Segment Start: DATASET SECTION

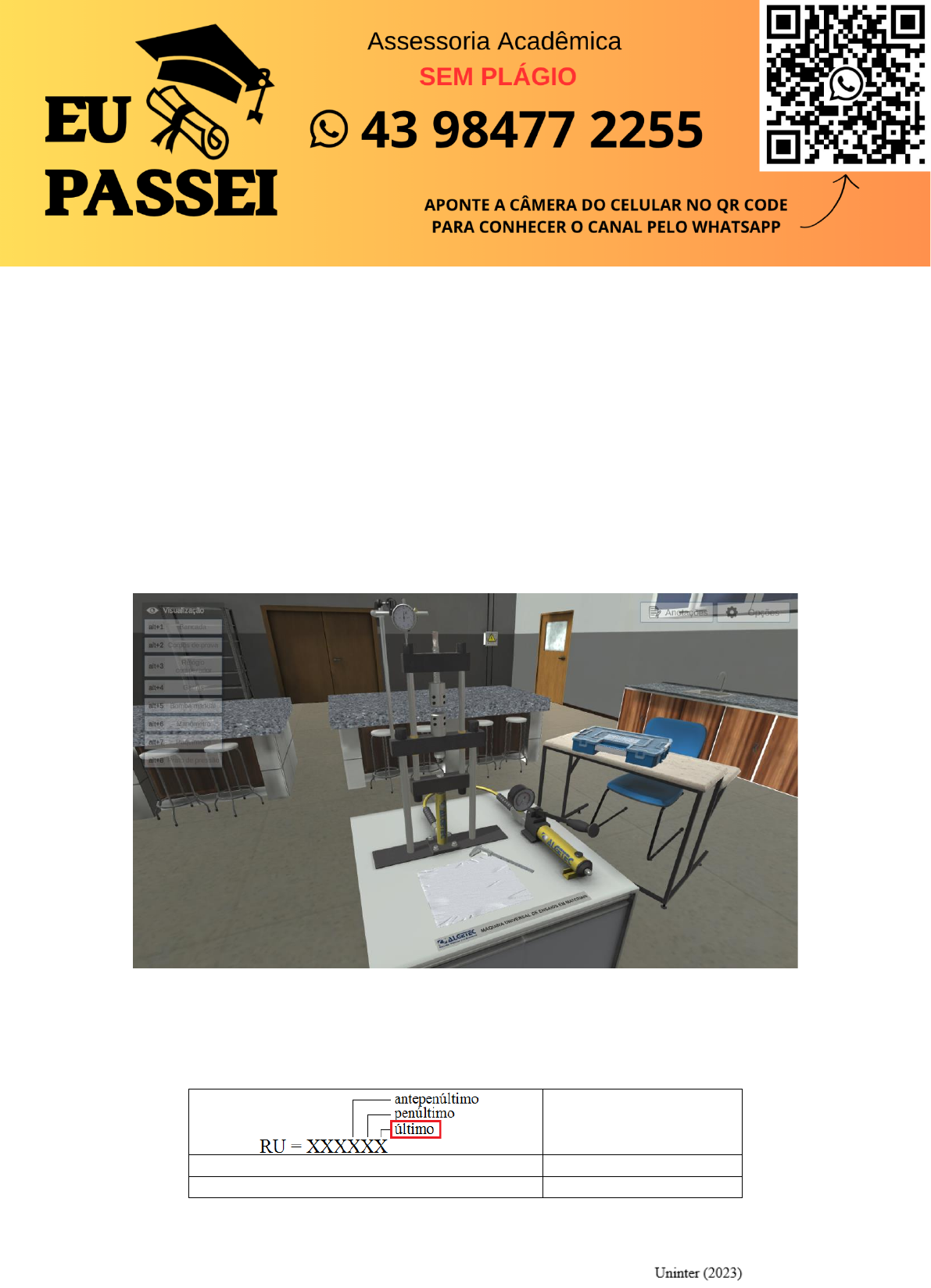 ATIVIDADE PRÁTICA DE RESISTÊNCIA DOS MATERIAIS ENSAIO DE TRAÇÃO Neste experimento você utilizará o laboratório virtual para realização do ensaio de tração e, assim, obter o diagrama tensão x deformação e, assim, determinar algumas propriedades mecânicas dos materiais, tais como: módulo de elasticidade, tensão limite de proporcionalidade, tensão última (limite de resistência à tração) e tensão de ruptura. Essas propriedades são muito importantes no projeto de estruturas. Fonte: Algetec, 2025. No seu experimento, você utilizará o material conforme o último número do seu RU associado à tabela abaixo: Material Se o último número do seu RU é 0 ou 1 Aço carbono A36 Se o último número do seu RU é 2 ou 3 ou 4 Alumínio 2024 Se o último número do seu RU é 5 ou 6 Titânio 6AI-4V Se o último número do seu RU é 7 ou 8 ou 9 Alumínio 6061 Para correção da sua atividade prática, as seguintes informações são necessárias: 1. Plotagem do diagrama tensão x deformação (Valor 45 pontos) 2. Tensão limite de proporcionalidade (Valor 5 pontos) = 3. Deformação limite proporcionalidade 4. Tensão limite resistência tração 5. Tensão de ruptura 6. Módulo de elasticidade 𝜎𝑙𝑝 = 𝐸𝜀𝑙𝑝 A segunda etapa é projetar uma haste considerando o material ensaiado, ou seja, considerando as propriedades que você obteve no seu diagrama tensão x deformação. Sabendo que agora a amostra tem um comprimento 𝑳𝒊 igual à soma dos três últimos dígitos do seu RU mais 80 mm (em mm) e diâmetro igual à soma dos dois últimos dígitos do seu RU mais 3 mm (em mm). Se uma carga axial 𝑭 igual ao último número do seu RU vezes 20 mais 200 N (em N) for aplicada a ela, determine o alongamento da amostra e a deformação transversal com a carga aplicada. Considere o diagrama de tensão e deformação que você obteve e 𝜈 = 0,3. Uninter (2023) 𝜎 = 𝐹 𝐴 𝜀𝑙 = 𝐿𝑓−𝐿𝑖 𝐿𝑖 = 𝛿 𝐿𝑖 e 𝜈 = − 𝜀𝑡 𝜀𝑙 Fonte: Adaptado de Callister; Rethwisch, 2018. De acordo com o Passei Direto (2025), o conteúdo apresenta um resumo e materiais que auxiliam no estudo de diversas disciplinas acadêmicas. Este documento é apresentado apenas como um modelo de estudo e referência, servindo para fins didáticos e acadêmicos. Este material foi elaborado com base no livro acervo de materiais disponíveis no SITE (PASSE IDIRETO, 2025), (Callister; Rethwisch, 2018), do site Algetec Laboratório Virtual, materiais da Uninter (2023) apoio da IA Google. Bard, integrando conhecimento teórico, institucional e tecnológico. REFERÊNCIA BIBLIOGRAFICA ALGETEC TECNOLOGIA INDÚSTRIA E COMÉRCIO LTDA. Algetec: Bancadas, Kits e Maletas Didáticas. Disponível em: https://www.algetec.com.br/ CALLISTER, W. D.; RETHWISCH, D. G. Ciência e Engenharia de Materiais: Uma Introdução. 10ª ed. Porto Alegre: AMGH, 2018. Google. Bard. Assistência na geração de informações e explicações técnicas. Disponível em: https://bard.google.com UNINTER. Modelo de material didático para estudo. Curitiba: UNINTER, 2023. PASSEI DIRETO. Acervo de materiais acadêmicos. Disponível em: https://www.passeidireto.com https://www.algetec.com.br/
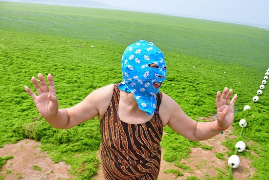 2013年7月3日,山東青島青島高溫來襲,“青島大媽”不懼滸苔,戴著“強盜面具”出現在海水浴場消暑降
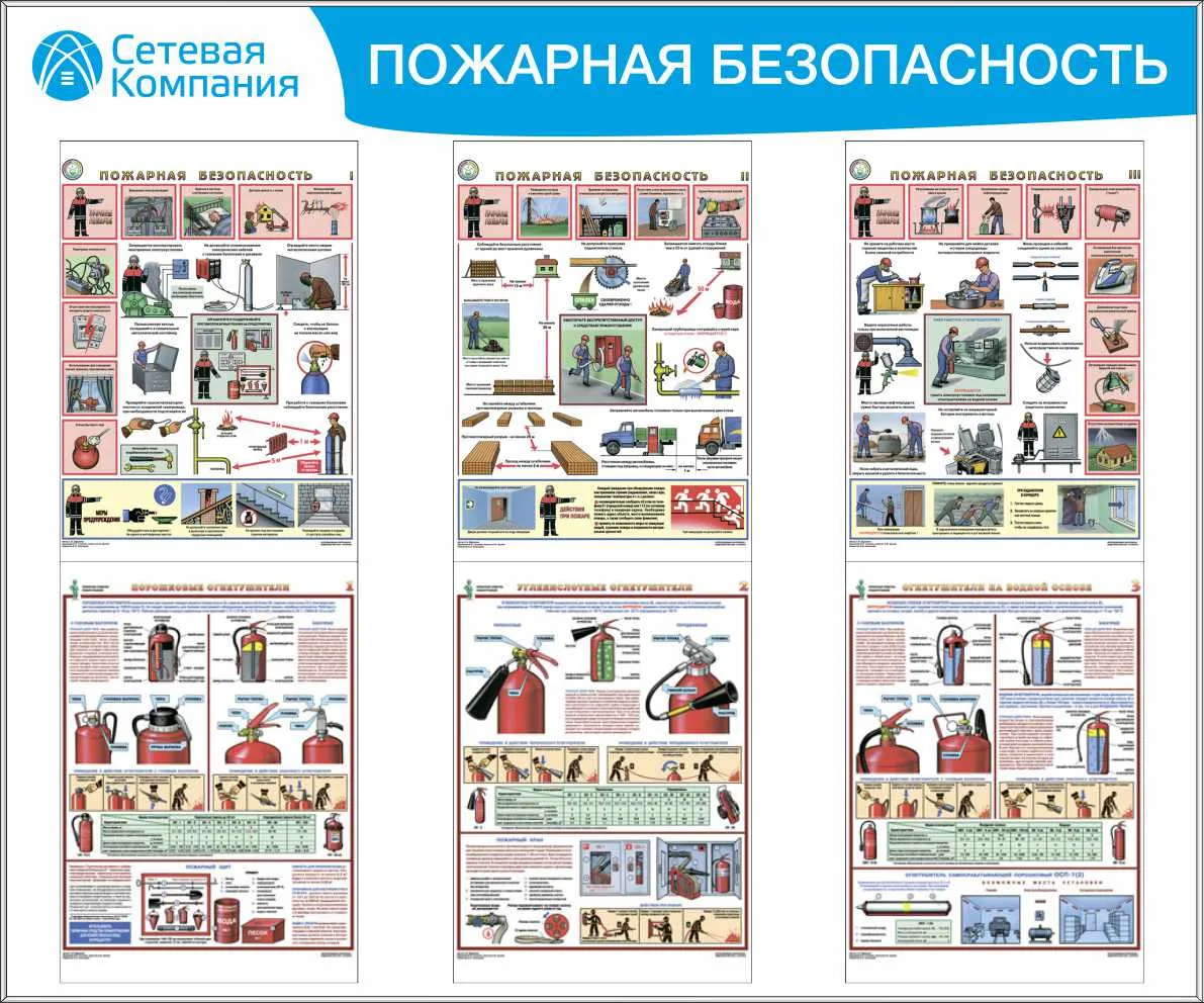Стенд для ОТ пожарная безопасность, 6 плакатов А3 (1 200х1 000; Пластик ПВХ 4 мм, Алюминиевый профиль)

Segment End: DATASET SECTION

## [YOUR INSTRUCTIONS]
Replicate the material above verbatim; images stay out of the copy.

## [TASK RESPONSE]
 ATIVIDADE PRÁTICA DE RESISTÊNCIA DOS MATERIAIS ENSAIO DE TRAÇÃO Neste experimento você utilizará o laboratório virtual para realização do ensaio de tração e, assim, obter o diagrama tensão x deformação e, assim, determinar algumas propriedades mecânicas dos materiais, tais como: módulo de elasticidade, tensão limite de proporcionalidade, tensão última (limite de resistência à tração) e tensão de ruptura. Essas propriedades são muito importantes no projeto de estruturas. Fonte: Algetec, 2025. No seu experimento, você utilizará o material conforme o último número do seu RU associado à tabela abaixo: Material Se o último número do seu RU é 0 ou 1 Aço carbono A36 Se o último número do seu RU é 2 ou 3 ou 4 Alumínio 2024 Se o último número do seu RU é 5 ou 6 Titânio 6AI-4V Se o último número do seu RU é 7 ou 8 ou 9 Alumínio 6061 Para correção da sua atividade prática, as seguintes informações são necessárias: 1. Plotagem do diagrama tensão x deformação (Valor 45 pontos) 2. Tensão limite de proporcionalidade (Valor 5 pontos) = 3. Deformação limite proporcionalidade 4. Tensão limite resistência tração 5. Tensão de ruptura 6. Módulo de elasticidade 𝜎𝑙𝑝 = 𝐸𝜀𝑙𝑝 A segunda etapa é projetar uma haste considerando o material ensaiado, ou seja, considerando as propriedades que você obteve no seu diagrama tensão x deformação. Sabendo que agora a amostra tem um comprimento 𝑳𝒊 igual à soma dos três últimos dígitos do seu RU mais 80 mm (em mm) e diâmetro igual à soma dos dois últimos dígitos do seu RU mais 3 mm (em mm). Se uma carga axial 𝑭 igual ao último número do seu RU vezes 20 mais 200 N (em N) for aplicada a ela, determine o alongamento da amostra e a deformação transversal com a carga aplicada. Considere o diagrama de tensão e deformação que você obteve e 𝜈 = 0,3. Uninter (2023) 𝜎 = 𝐹 𝐴 𝜀𝑙 = 𝐿𝑓−𝐿𝑖 𝐿𝑖 = 𝛿 𝐿𝑖 e 𝜈 = − 𝜀𝑡 𝜀𝑙 Fonte: Adaptado de Callister; Rethwisch, 2018. De acordo com o Passei Direto (2025), o conteúdo apresenta um resumo e materiais que auxiliam no estudo de diversas disciplinas acadêmicas. Este documento é apresentado apenas como um modelo de estudo e referência, servindo para fins didáticos e acadêmicos. Este material foi elaborado com base no livro acervo de materiais disponíveis no SITE (PASSE IDIRETO, 2025), (Callister; Rethwisch, 2018), do site Algetec Laboratório Virtual, materiais da Uninter (2023) apoio da IA Google. Bard, integrando conhecimento teórico, institucional e tecnológico. REFERÊNCIA BIBLIOGRAFICA ALGETEC TECNOLOGIA INDÚSTRIA E COMÉRCIO LTDA. Algetec: Bancadas, Kits e Maletas Didáticas. Disponível em: https://www.algetec.com.br/ CALLISTER, W. D.; RETHWISCH, D. G. Ciência e Engenharia de Materiais: Uma Introdução. 10ª ed. Porto Alegre: AMGH, 2018. Google. Bard. Assistência na geração de informações e explicações técnicas. Disponível em: https://bard.google.com UNINTER. Modelo de material didático para estudo. Curitiba: UNINTER, 2023. PASSEI DIRETO. Acervo de materiais acadêmicos. Disponível em: https://www.passeidireto.com https://www.algetec.com.br/
 2013年7月3日,山東青島青島高溫來襲,“青島大媽”不懼滸苔,戴著“強盜面具”出現在海水浴場消暑降
Стенд для ОТ пожарная безопасность, 6 плакатов А3 (1 200х1 000; Пластик ПВХ 4 мм, Алюминиевый профиль)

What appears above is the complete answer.